I did a simple experiment.
- Removed the probably unnecessary
auto_refresher
here. It brought down the CPU usage by about 50%. - Commented out the
pwd_watcher::keep_watching
. No noticeable changes. - Commented out
event_reader::keep_reading
(input reader). And it reduced the CPU usage drastically. Basically removed xplr from thetop
page.
So, I'd first try to optimize reading inputs. Maybe switching the input reading logic to termion might help.

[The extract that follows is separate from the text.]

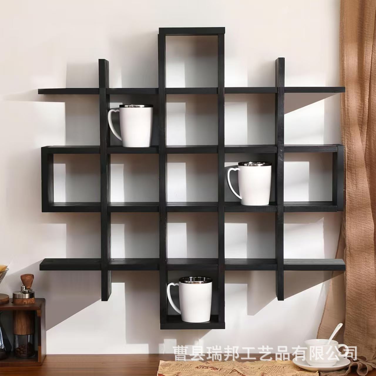 無垢材の壁収納ラック多層バブルマットモデルディスプレイラッククリエイティブ木製整理ラック小さなボーグラック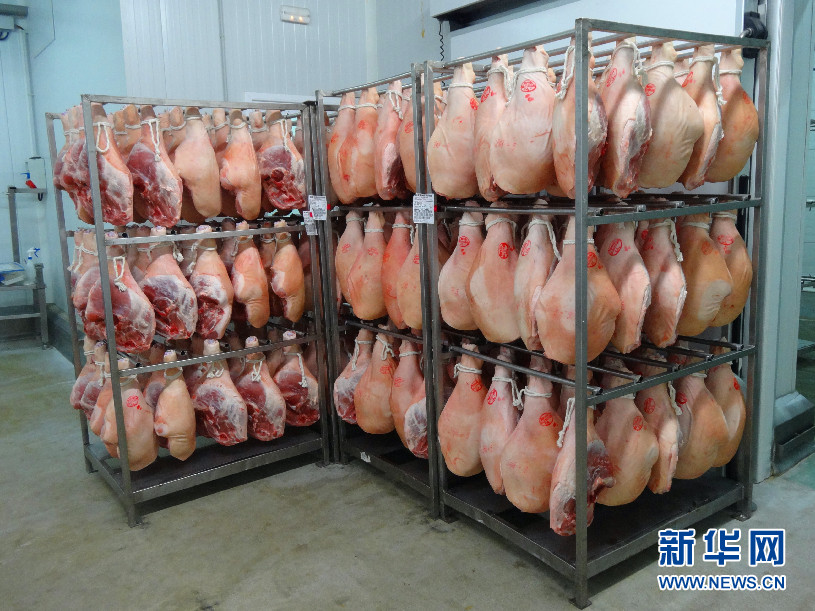 ????“因特珀爾克”公司的一位負責人何塞?拉蒙(Jose Ramon)先生向記者介紹說,為了保證產品的質量,根據歐盟食品安全法規,西班牙生豬的飼料、喂養、處理、配送都會受到嚴格的監控。比如“卡薩德蒙特”公司,送到這里的每條生豬腿都有自己的編號,并且這個編號會跟隨制作火腿的整個過程,這樣最終出現在市場上的每一件火腿產品,都可以追溯其原料來源和加工過程。

To consider, cross-platform notify library, uses inotify under the hood for Unix: https://crates.io/crates/notify
To consider, cross-platform notify library, uses inotify under the hood for Unix: https://crates.io/crates/notify
Looks good. But from the experiments in my last comment, we know that the real issue isn't with the watcher. It's the input reading mechanism. I think something changed when I last upgraded crossterm. I'll have a closer look.
NOTE: keeping this issue open to implement notify/inotify for Linux with test cases for all platforms.
This is an uneducated question, so please take it for what it is, but:
Why is polling for input needed at all? I haven't tried the Windows side of things, but can't we just wait for input? (example reader in C); After all, the application usually exits on user input / command, I thought. The problem, I assume, comes if input is read, but parsed/actions executed in a separate thread.
Edit: I just noticed just going up and down through contents of a directory uses a lot of CPU (45% when holding, vs 16% in ranger), even in a small dir (24 files). I assume xplr doesn't reload the directory on every action/move, so could all that be caused just by updating the relative item numbers or all the extra file information?